Time-saving benefits
The question all warehouse managers – and finance leaders – will want answered is, how will we see the benefits manifested in day-to-day use?
One precious win is time, invaluable in any warehouse context.
“The example we just gave is perhaps a 30-second conversation via text, which would have been 15-20 minutes in the past. If packing is late because it lacks three people, it is a complex calculation without the assistance of Labor Agent. You’re looking at process, schedules, performance of packers. There can be big variables, which you then need to compare with what you’re expecting to achieve. The agent can do this for you in seconds.”
Manhattan’s transportation portfolio offers AI Agents with similar benefits.
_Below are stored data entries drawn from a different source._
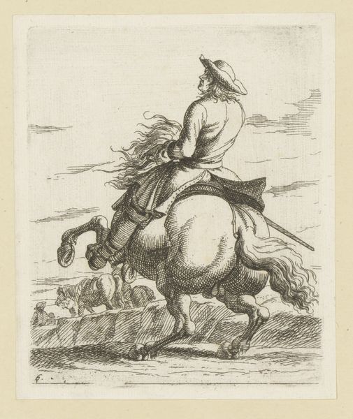Curator: Here we have "Ridder met een vrouw te paard," or "Knight with a Woman on Horseback," created sometime between 1783 and 1850, by Louis Moritz. It’s currently held here at the Rijksmuseum, and rendered in pencil and ink. Editor: Oh, it feels like a stolen moment from a fairytale, doesn't it? All haste and yearning in a fleeting landscape. I imagine they're running away together; look how the horse stretches! It almost breaks the constraints of the drawing; there's the romance! Curator: Interesting observation. I think the drawing hints at broader cultural anxieties. During that period, there was an increased fascination with the medieval, but also evolving attitudes towards class and social mobility are worth noting. What does this drawing imply about social transgression, escape, and desire during its historical context? The quality and availability of paper during this time shaped drawing as both fine art and preparatory sketch, let's keep that in mind. Editor: Perhaps; yet, I can't shake the sense that this piece focuses on the individual stories rather than class politics. Isn't it delightful that, in spite of his armor, they look to each other, a loving and intimate glance that softens the harsh world surrounding them. Curator: Maybe. But the armor, the horse, the materials of the drawing itself are important in the image's narrative. Armor's function evolves in both the literal protection on the battlefield and symbolic projection in art to create commentary on protection and status. Editor: True enough; though you speak about materials as meaning; to me the open-ended sketchy linework lends this such a delicate, precious mood, almost vulnerable. Curator: I see your point; the pencil and ink’s sketchy form democratizes the image, it is accessible. Its potential production and reproduction through printing practices open its story to wider consumption and social reimagining during the 18th and 19th centuries. Editor: Absolutely! Now it resonates even further than its original timeframe. It is intriguing how even today these characters can transport us to dreams of valor and romance.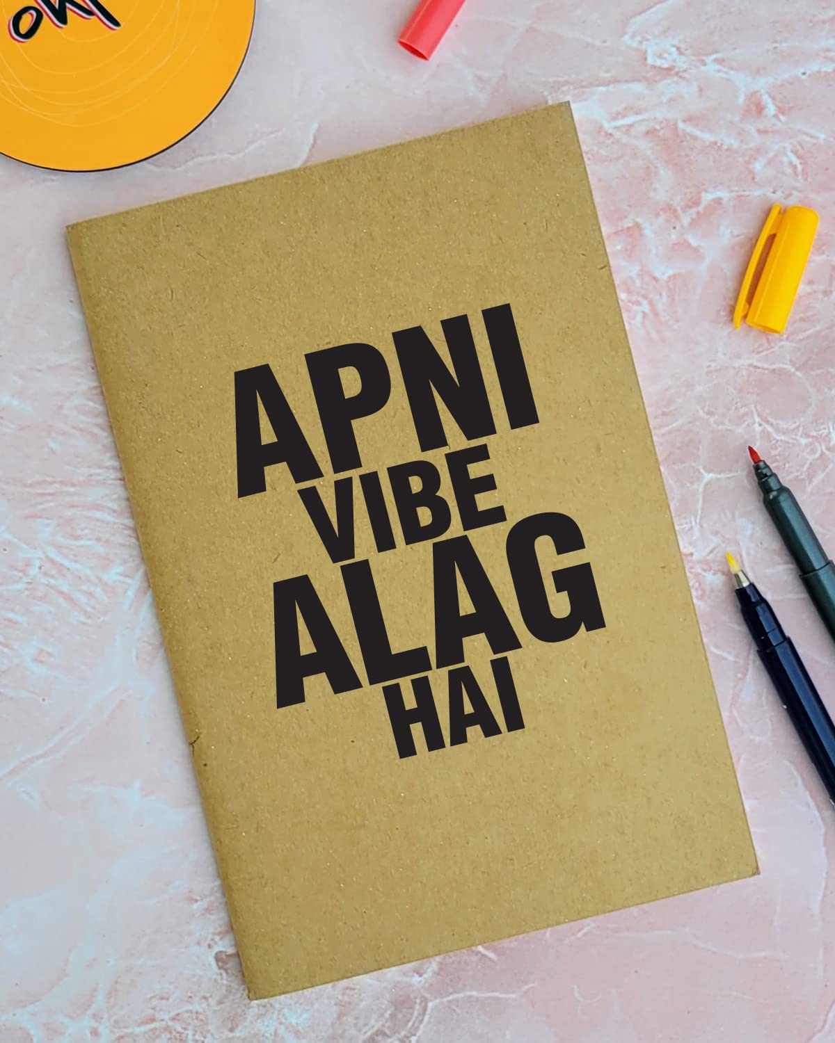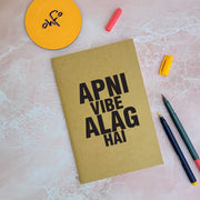 Apni Vibe Alag Hai - Brown A5 Doodle Notebook - Kraft Cover Notebook - A5 - 300 GSM Kraft Cover - Handmade - Unruled - 80 Pages - Natural Shade Pages 120 GSM - Funny Quotes & Quirky, Funky designs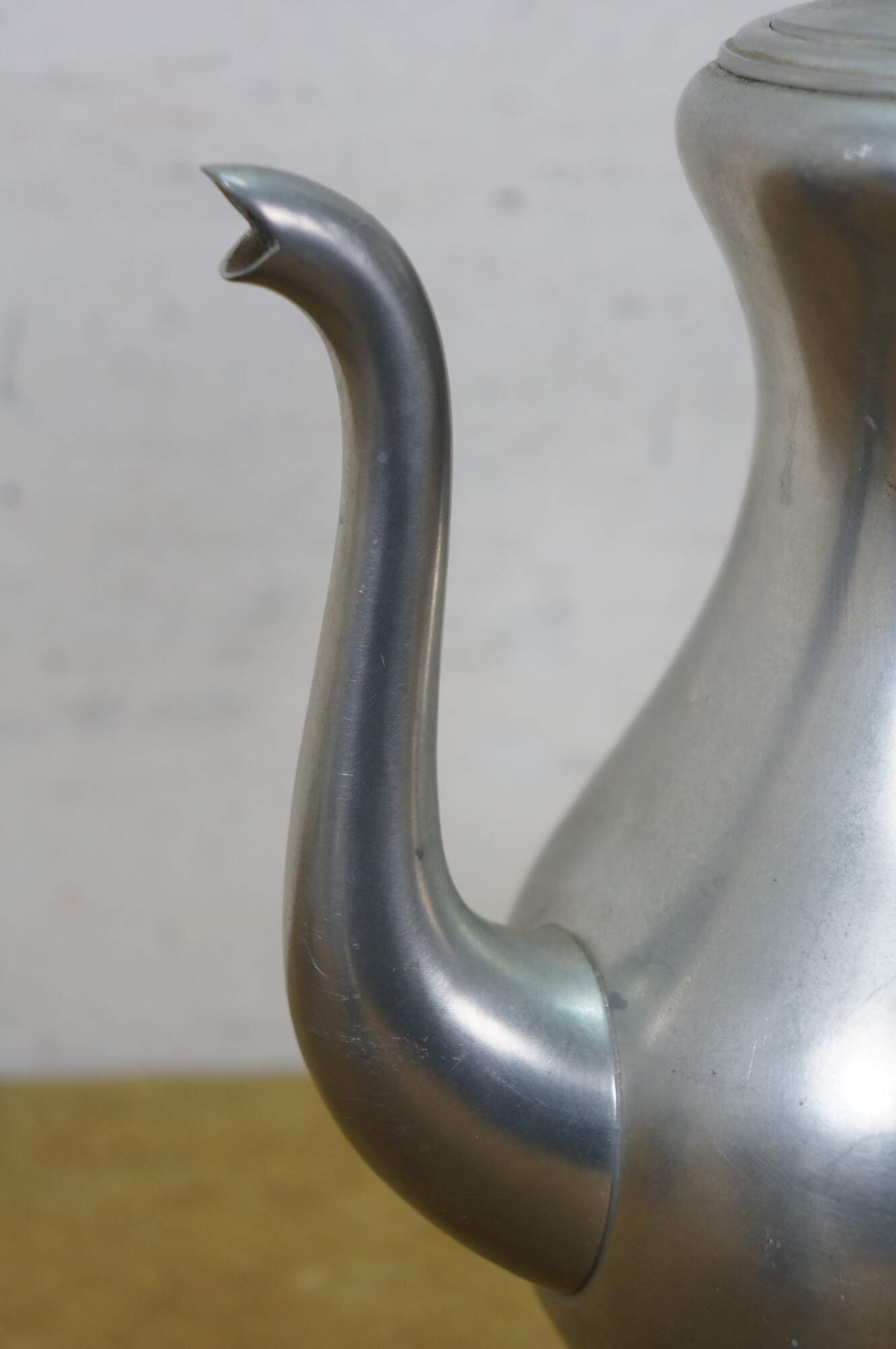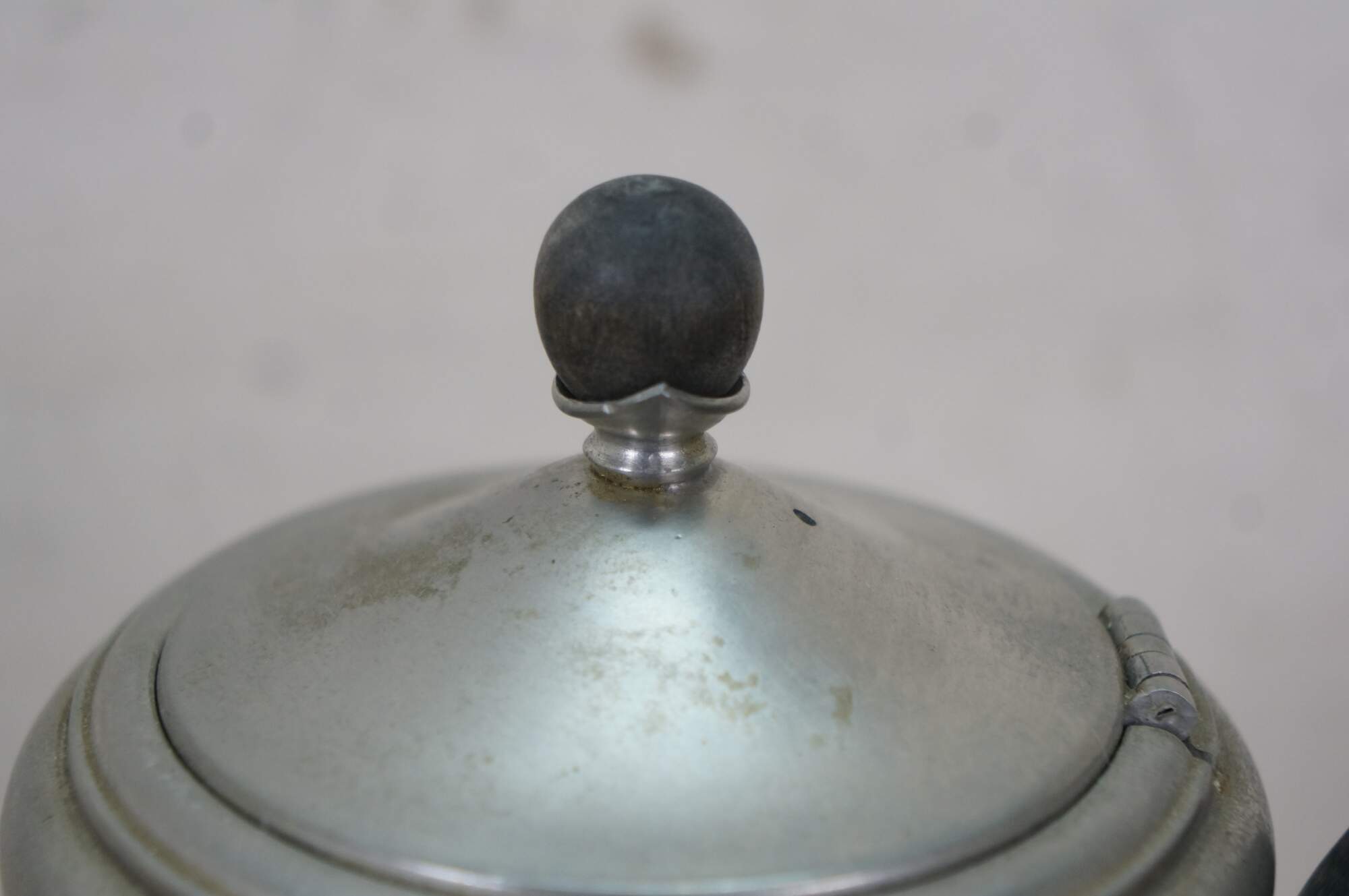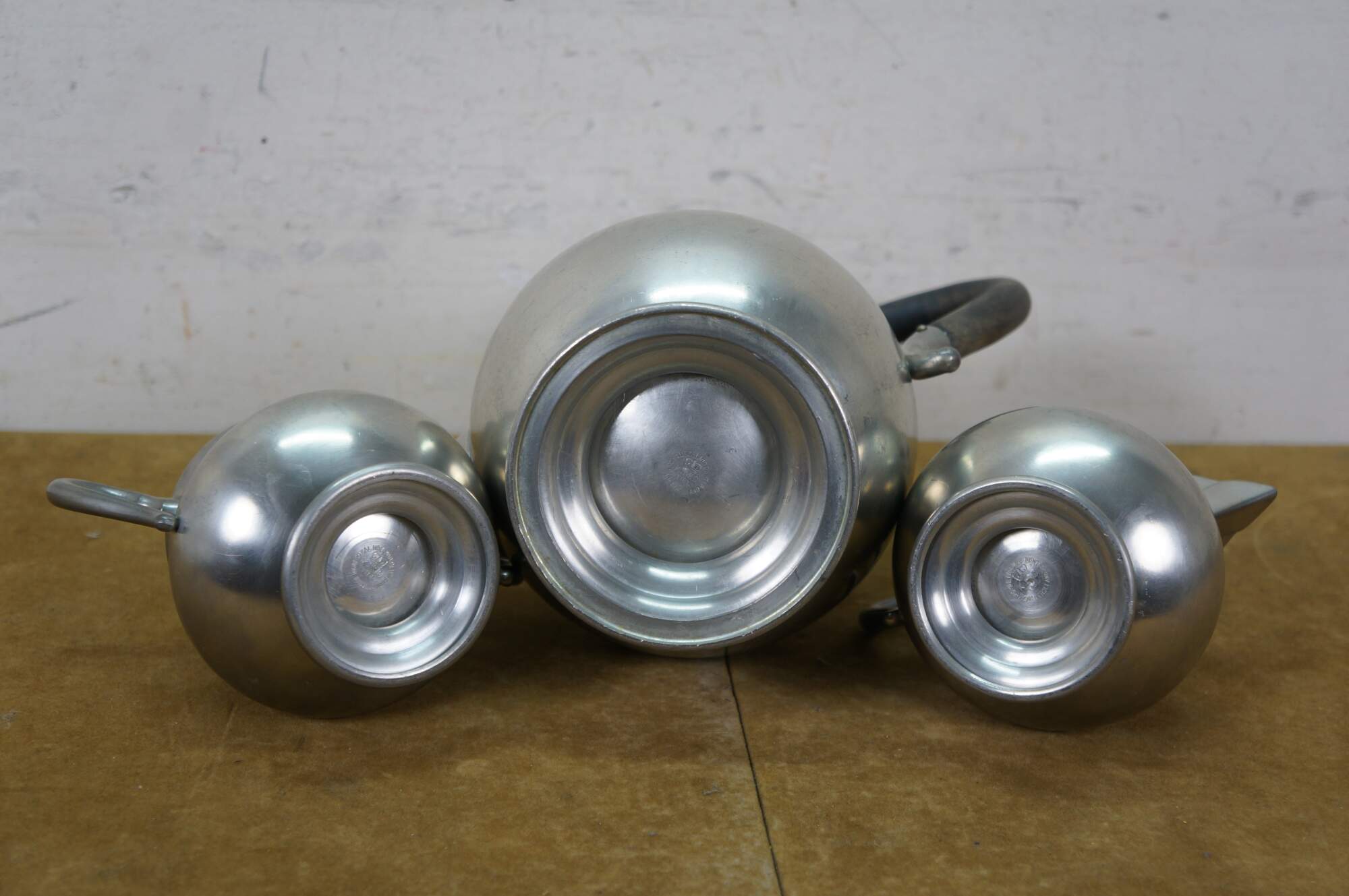 Vintage 20th century KMD Royal Holland Pewter tea set including tea / coffee pot with lid, sugar bowl with lid, and creamer / cream pitcher. Traditional colonial / Victorian styling with wood ball finials and scrolled wood handle on the teapot.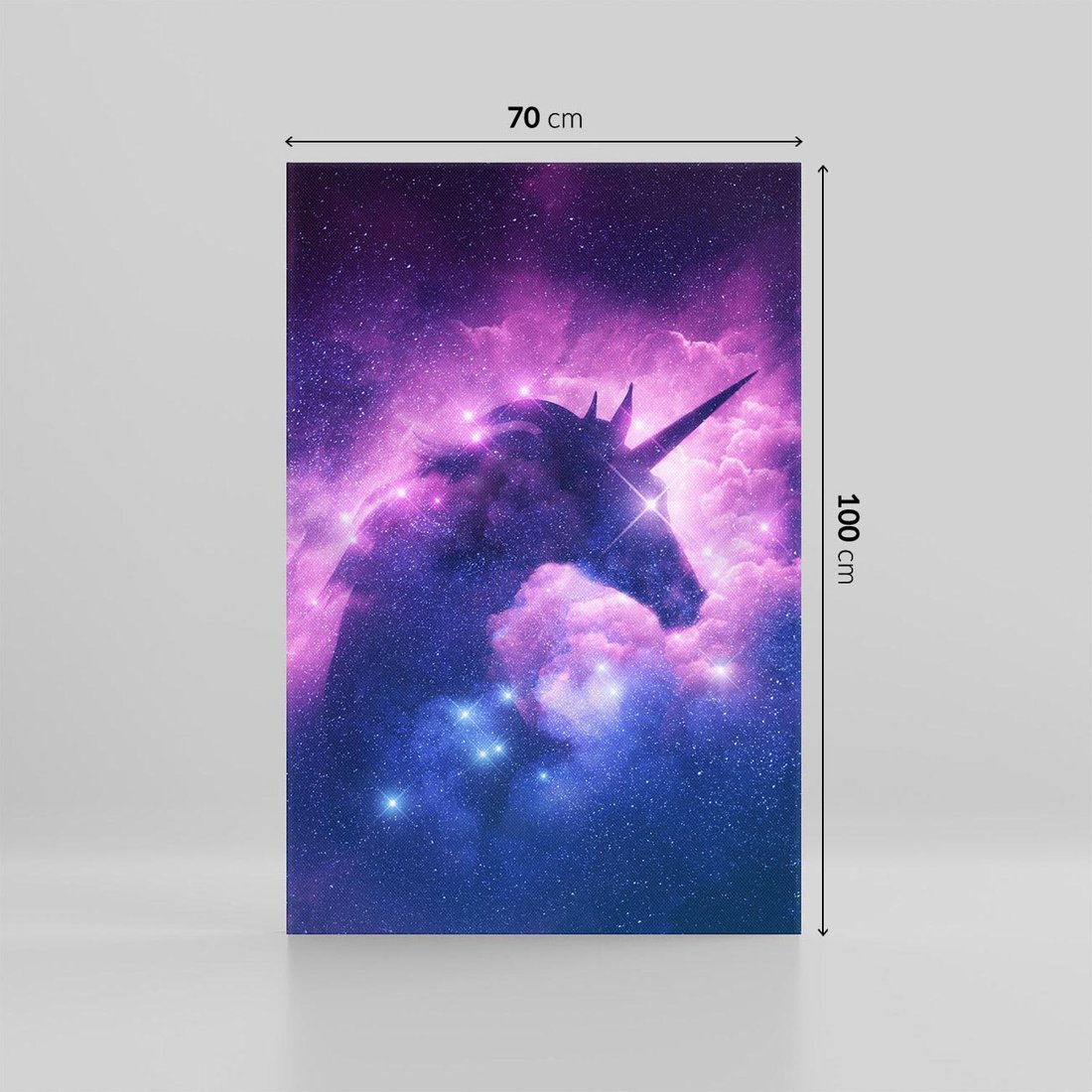 Przenieś się w nieodkryte rejony kosmosu w towarzystwie jednorożca na obrazie. Odczuj magię i tajemniczość tego stworzenia, przenikając w świat fantazji i wyobraźni.

“Our Freight Invoice Agent is capable of picking up any form of document – PDF, email, spreadsheet – used as carrier invoice materials, and will automatically reconcile actuals with the expected cost of that shipment. This is a role traditionally carried out by manual resources, who spend time receiving documents, comparing screens, shipping costs, taxes, driver hours, and it’s a process that can eat up 15 minutes per invoice. We have built an agent that will automatically ingest anything that comes up, recognise the shipment, align it with expectations, and explain any anomalies. What used to take multiple people hours a day is managed in a few moments.”
Manhattan formally released AI Agents in January of this year, and are marketing the technology to all customer segments, large and small. It even includes Agent Foundry, a developer workspace for customers to build their own agents to their own specifics, either from templates or from scratch.
Raphaël Hervé is brimming with confidence about the prospects.
“We believe Agenti AI is very powerful in terms of productivity gains for our customers. It will drastically improve human-machine interactions, and it will make access to data and functions faster and easier. Customers will enjoy acceleration in project implementation, because integration, mapping, and development are all so much faster.”